Hand Hygiene Compliance
The single most common transmission of health care-associated infections (HAIs) in a health care setting is via transiently colonized hands of health care workers who acquire it from contact with colonized or infected patients, or after handling contaminated material or equipment. Monitoring hand hygiene practices and the provision of timely feedback are vital to improving compliance and, in turn, reducing HAIs.
Public reporting of hand hygiene compliance is about transparency and establishing a baseline for our facility. TBRHSC is participating in education provided by RICN and Public Health Units, as well as providing on-site education to front line staff. We are currently midway through our roll out of the “Just Clean Your Hands” Ministry of Health initiative.

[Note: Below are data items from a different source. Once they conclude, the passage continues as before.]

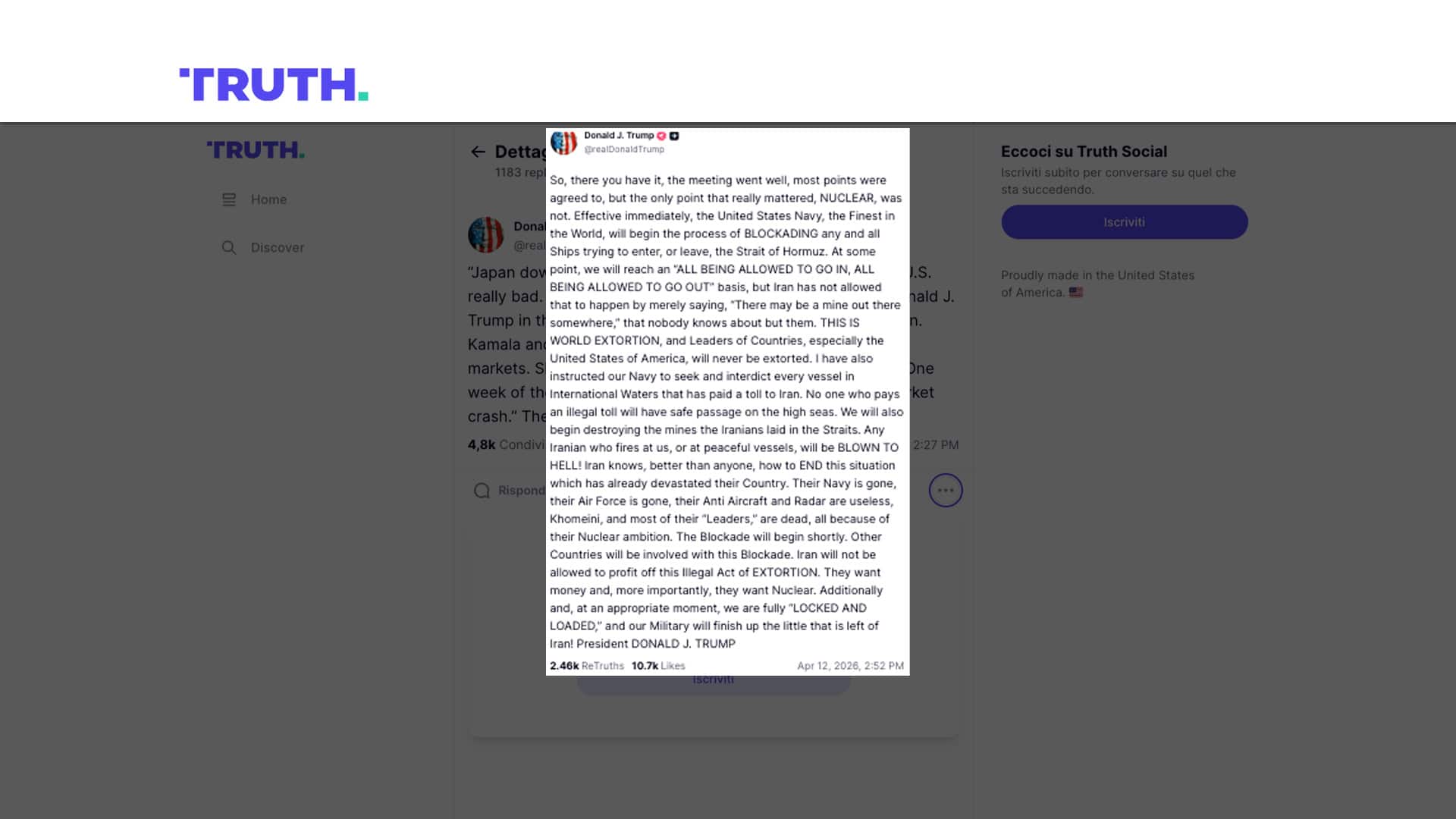 Nella giornata dell’11 aprile, Trump aveva confermato l’invio di due cacciatorpedinieri americani per sminare l’area dello Stretto, ora su Truth torna a parlarne per annunciare il blocco "con effetto immediato" di tutte le navi da e per Hormuz dopo il fallimento dei negoziati, minacciando tanto i Paesi che dovessero mandare le loro petroliere nella zona quanto l’Iran: "Inizieremo a distruggere le mine che gli iraniani hanno posato nello Stretto. Qualsiasi iraniano che spari contro di noi o contro imbarcazioni pacifiche verrà fatto saltare in aria!", ha scritto il presidente Usa su Truth ribadendo la fortissima opposizione all’ipotesi che Teheran faccia pagare un pedaggio per consentire il passaggio per lo Stretto: "Ho ordinato alla nostra Marina di individuare e intercettare ogni imbarcazione nelle acque internazionali che abbia versato un pedaggio all'Iran – ha avvisato Trump -. Nessuno che paghi un pedaggio illegale avrà libero transito in mare". Più tardi, in un'intervista a Fox, Trump ha aggiunto che anche "la Gran Bretagna e un paio di altri Paesi stanno inviando dei dragamine", nello stretto di Hormuz.
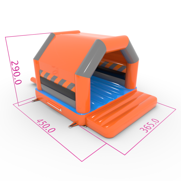 A 4,5x3,6 m-es ugrálóvár klasszikus, minimalista kialakítású, sokoldalúan felhasználható attrakció a legkülönbözőbb rendezvényeken. A visszafogott színek és a robusztus szerkezet jól használható vállalati rendezvényeken, fesztiválokon vagy magánpartikon.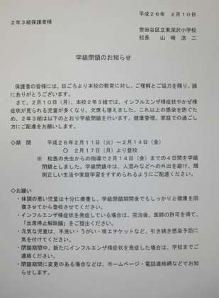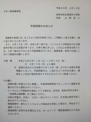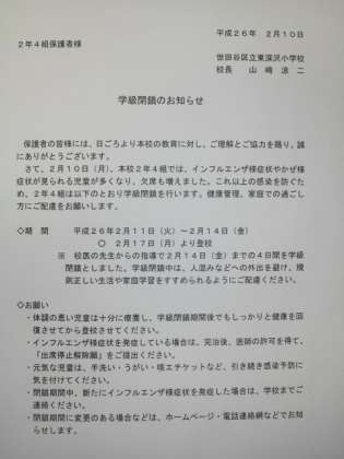 2年3組・2年4組・3年1組は、インフルエンザ様症状、かぜ症状の児童の欠席が多くなりました。そこで、この3つのクラスは、2月11日(火)〜2月14日(金)までの4日間を学級閉鎖といたします。登校は2月17日(月)です。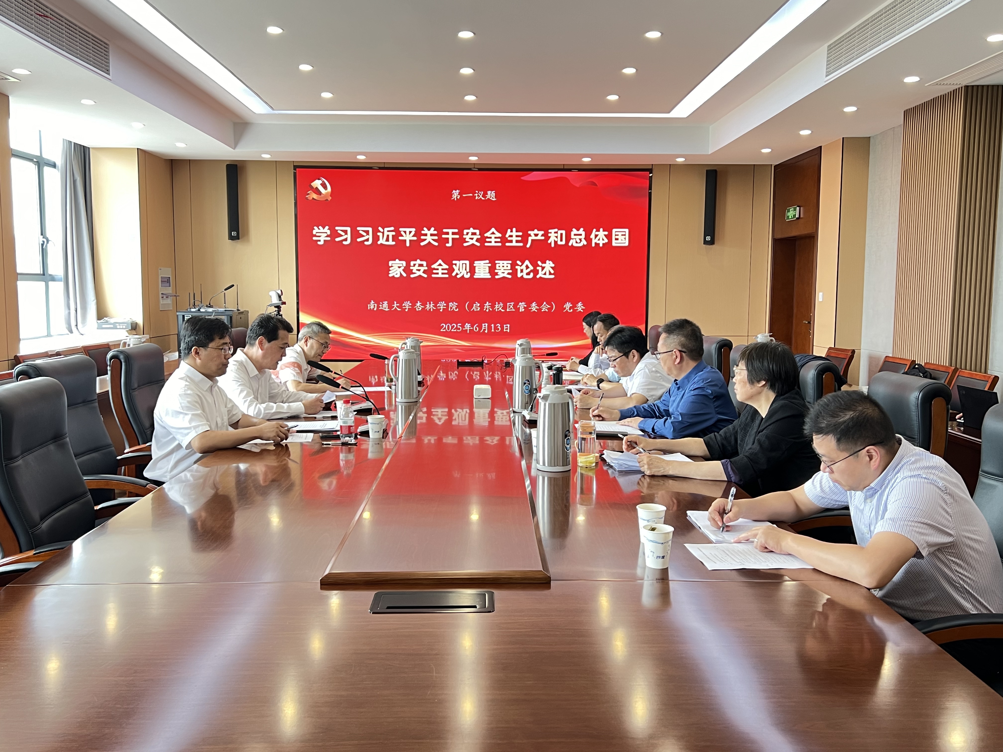 6月13日上午,学院(管委会)党委理论学习中心组在啬园校区以“第一议题”形式学习习近平关于安全生产的重要论述和重要指示批示精神。学院(管委会)党委书记、启东校区管委会常务副主任朱晓阳主持学习并讲话。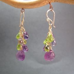 Metal: Gold Peridot, iolite, tanzanite, and amethyst, about 1-3/4" long Available in either 14K gold-filled, rose gold-filled, or sterling s...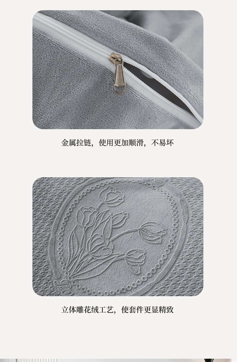 商品名称:畅畅家纺 2024新款11斤加厚冬季轻奢款230克全消光立体雕花牛奶绒夹棉床盖四件套 轻奢花语-深灰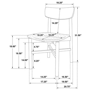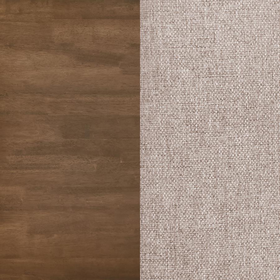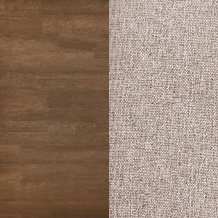 Bring a touch of simplicity and comfort to your dining space with this stylish chair. Designed with a minimalist appeal, the chair is crafted from a mix of solid wood and engineered wood for both durability and a natural aesthetic. The tan fabric upholstered seat, padded with foam cushioning, provides a soft and comfortable place to sit, making it ideal for long dinners and casual gatherings. The rounded backrest adds an organic, contemporary vibe, complementing the overall light, airy look of the chair.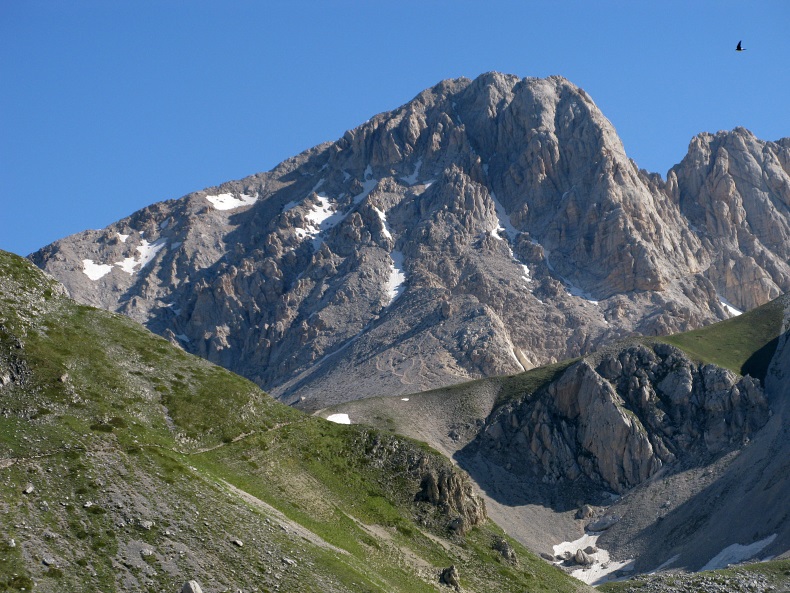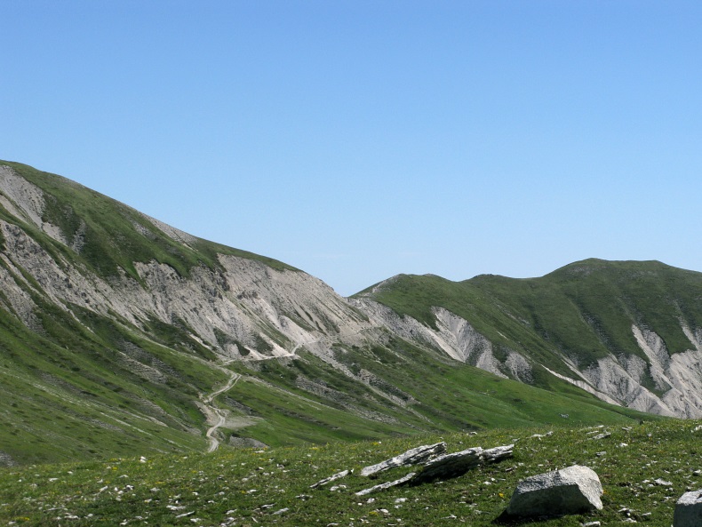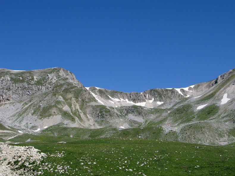 Etwa in der Bildmitte befindet sich der Sattel "Sella di Monti Aquila".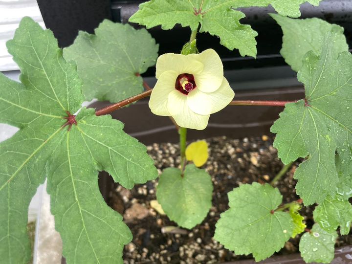 種をまく時期が遅かったのでまだ収穫はできていませんが、黄色の可愛い花が咲き、小さなオクラが成長中です。

This is about a change in culture for our organization, including point of care hand hygiene and education, in addition to when and how to wash hands.
Hand hygiene compliance rates will be posted annually to ensure enough data is collected to be statistically valid. The reported rates provide a starting point to measure improvement resulting from our hand hygiene initiatives and education for the staff and users of the facility.
Calculation of Hand Hygiene Comploance Rates
The two hand hygiene compliance rates will be calculated as follows.
|Number of time hand hygiene performed before initial patient or patient enviroment contact||x 1000|
|Number observed hand hygiene performed before initial patient or patient enviroment contact|
|Number of time hand hygiene performed after initial patient or patient enviroment contact||x 1000|
|Number observed hand hygiene performed after initial patient or patient enviroment contact|
The Hand Hygiene Program at TBRHSC is aimed at reducing health care-acquired infections. In addition, there is a strong collaboration among Ontario hospitals, the provincial government and the OHA to continually improve system performance.
Elements of the TBRHSC Hand Hygiene Program:
- Environmental changes and system supports
- Education for health care providers about when and how to clean hands
- Senior management support and commitment to make hand hygiene and organizational priority
- Patient engagement
- Opinion leaders and champions modeling the right behaviour
- Ongoing monitoring and observation of hand hygiene practices with feedback to health care providers
Provincially, hospitals are participating in the Ministry infection prevention and control core competency education program, using PIDAC’s best practice guidance documents. They are implementing the provincial “Just Clean Your Hands” campaign, as well as attending educational sessions held by the OHA and the Regional Infection Control Networks on a variety of infection prevention and control topics.